As I look around myself at this point, seeing the partisan political bickering and posturing that seems to do more harm than good, I still have a lot of faith that things will improve even more. We may have to pay a price for that improvement, just as we did some thirty years or so ago. I say that fully aware that we are no longer rated number one in education, production, health and employment. I say that because we have faced difficult times in the past and managed to put aside our differences, rely on our diversity, and pull success from the jaws of defeat. I believe that the nation is much like a pendulum, swinging first one way and then another as it attempts to find a balance, find a stability as time goes by. For a while things tend to favor conservative thought only to swing toward more liberal ideals; back and forth, back and forth, each oscillation taking us forward in time and keeping us abreast of ourselves.

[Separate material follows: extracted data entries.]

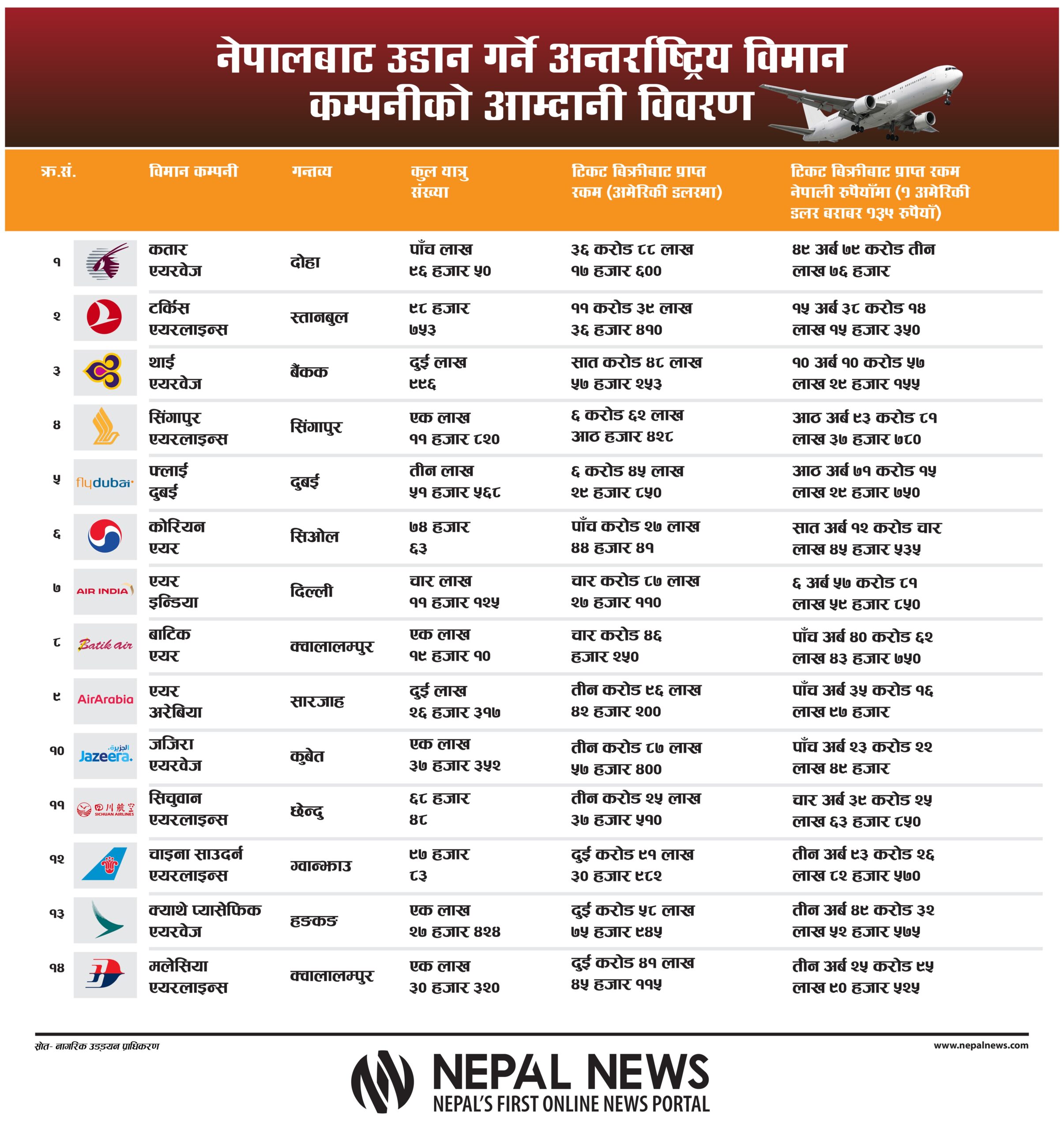 विदेशी एयरलाइन्सहरूले विभिन्न मुलुकबाट ल्याउने र नेपालबाट बाहिर जाने यात्रुलाई उडान सेवा दिएर डेढ खर्ब रुपैयाँभन्दा बढी रकम विदेश लगिरहेका छन्। उनीहरूले कार्गो सेवामार्फत गरेको आम्दानीको हिसाब यसमा समावेश छैन। कार्गो सेवाबाट गरेको आम्दानी जोड्दा नेपालमा सेवा दिने विदेशी एयरलाइन्सको आम्दानीको हिसाब अझ बढ्छ।
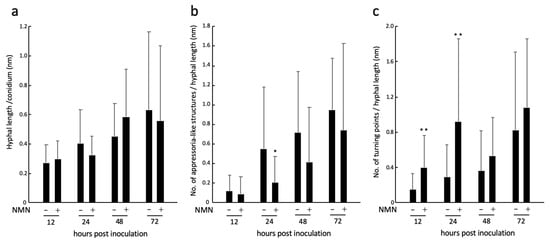 Hence, we investigated in detail how NMN treatment affects the morphology of F. graminearum. When the length of hyphae per conidium at each time was compared, there was no significant difference between the mock and NMN treatments (Figure 4a). Next, we examined how many appressoria-like structures were formed on the hyphae. The results show that the number of appressoria-like structures was significantly reduced by NMN treatment at 24 hpi (Figure 4b). Appressoria-like structures are also observed in wheat as early infection structures that adhere tightly to the surface of coleoptile epidermal cells []. Similarly, the structures are also formed during penetration of neighboring epicarp cells from hyphae within the invaded cells []. F. graminearum can penetrate through the tip of a straight hypha, so a distinctly formed appressoria-like structure may be dispensable but could help increase the chance of penetration by making the small hyphal branches. The rice blast fungus Magnaporthe oryzae increases the turgor pressure inside the appressorium to 8.0 MPa and breaks through the leaf cuticle surface by physical rupture []. On the other hand, the turgor pressure inside the appressorium is not so high in Bgh, and melanin is not accumulated to maintain the turgor pressure. Therefore, it would not be only physical forces that penetrate the cell wall []. Bgh may secrete proteins necessary for penetration from the tip of the appressorium []. Likewise, F. graminearum probably secretes proteins such as cell-wall-degrading enzymes from the tips of the appressoria-like structures in order to penetrate host cells. The co-localization of the tip of the appressoria-like structure with the host cell membrane stained with FM4-64 suggests that it interacts with the host (Figure 3a). The number of turning points was significantly higher on NMN-treated coleoptile epidermal cells at 12 and 24 hpi (Figure 4c). In the process of elongation, hyphae encounter host responses induced by NMN, which are unfavorable to F. graminearum, possibly making it difficult for direct penetration or subsequent formation of mature appressoria-like structures at 24 hpi (Figure 4b). As a result, hyphae may exhibit a wandering morphology (Figure 2 and Figure 3d). After 72 h of inoculation, each hypha could grow on the NMN-treated coleoptile epidermal cells as in the control, but the degree of hyphal entanglement was low (Figure 2). In Stage II, hyphae elongate in all directions on the surface of the epidermis and become entangled with each other to form lobate appressoria and consequent infection cushions []. The NMN-mediated suppression of disease in spikelets [] suggests that NMN could affect these fungal growth phases, though this remains to be studied. It is not feasible to quantitate the degree of entanglement. The lifespan of single-layered coleoptile epidermal cells is not long enough to observe the infection cushion formation. Qiu et al. (2019) also did not observe the formation of infection cushions in wheat coleoptile epidermal cells. Therefore, the development of a new experimental system using lemma and palea is necessary to evaluate NMN effects on hyphal entanglement and infection cushion formation after Stage II.
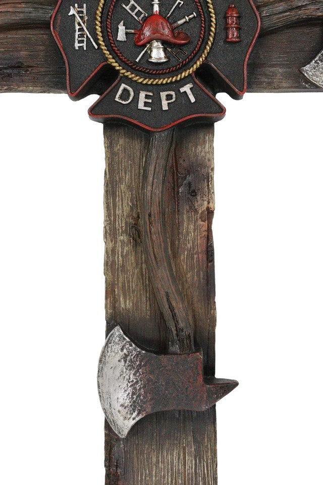 ? This hanging wall cross is the perfect addition to any home of faith. Its unique style is sure to become a welcome staple of any room. Consider this item as a gift for any of your faithful friends or family. Starting with a faux wooden finish, a Fire Department Maltese Cross Emblem is set in the center. 2 fireman axes stretch out on each beam plank of the cross.
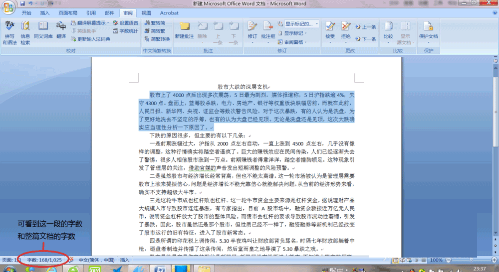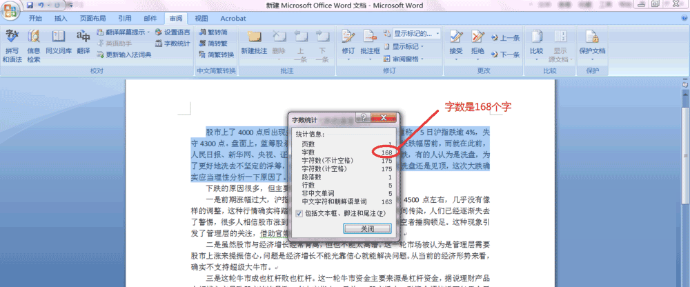 跟看整篇文章的字数一样,我们在文档中选中某一段落,再点击word中菜单栏的"查阅"---"字数统计",即可弹出"字数统计"窗口,我们即可看到段落的字数,如下图,图中段落的字数是168个字
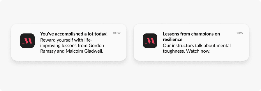 For example, when a user completes an educational video, Masterclass engages them with a push notification that promotes similar content:
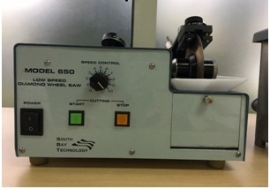 Tùy vào mục đích nghiên cứu mà chúng ta chọn vị trí cắt mẫu phù hợp, có thể dùng máy cắt kim loại, cưa máy, cưa tay…Hình 1 là máy cắt đĩa kim cương tốc độ thấp được dùng để cắt mẫu lá đồng.
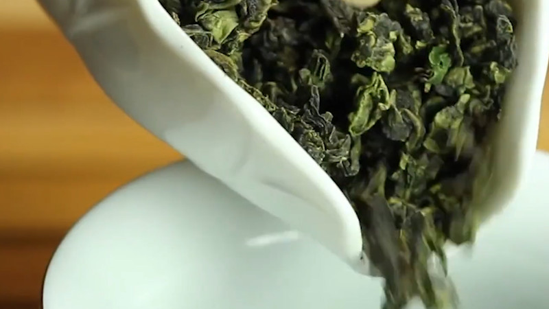 安溪铁观音茶条卷曲、肥壮圆结、沉重匀整、色泽砂绿,整体形状似蜻蜓头、螺旋体、青蛙腿,茶叶大部分向叶背卷曲,砂绿明显,具有“绿叶镶红边”之美感。
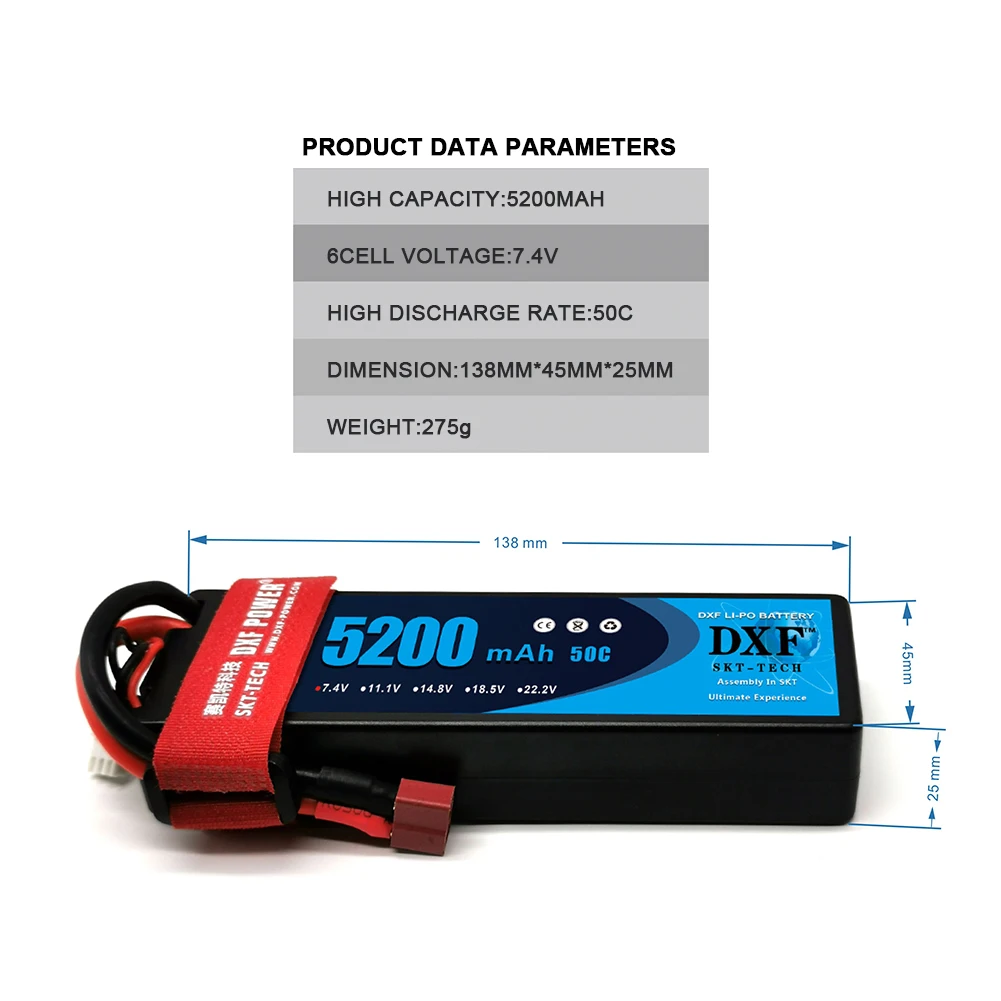 DXF является одним брендом батареи Шэньчжэнь SKT Technology Co., Ltd Компания основана в 2016 году, является ведущим производителем RC LiPo батареи на основе Шэньчжэнь Китай.DXF батареи предлагают отличную ценность, предоставляя заводские прямые цены и качество, которое соответствует или превышает качество других крупных производителей батарей. Все батареи DXF соответствуют стандартам RoHS и CE. DXF используют только элемент класса А. DXF-город любителей хоббиткинга. DXF окажет вам максимальное обслуживание.

I hear on the news that the US is more divided now that it has ever been. While I do see a divide, it’s a different sort than I experienced in the past or read about in history. It seems that our politics is experiencing a time in which the polar ideals of the primary parties has embraced the more radical aspects of those ideals. Conservatives appear more radically conservative and liberals appear to be more liberal –the end result creating, at times, an impasse. Many of us, our political views remaining static, have found ourselves branded as moderates, as though that’s a badge to be ashamed of. But it’s only because of the radical partisanship has changed, swinging toward more extremist views of the respective parties. I started out a Republican, and without changing my views or sense of the best approach, have ended up being a Democrat in the eyes of my party. My position once considered a moderate conservative, is now viewed as liberal due to the extreme leanings of the conservatives in the limelight.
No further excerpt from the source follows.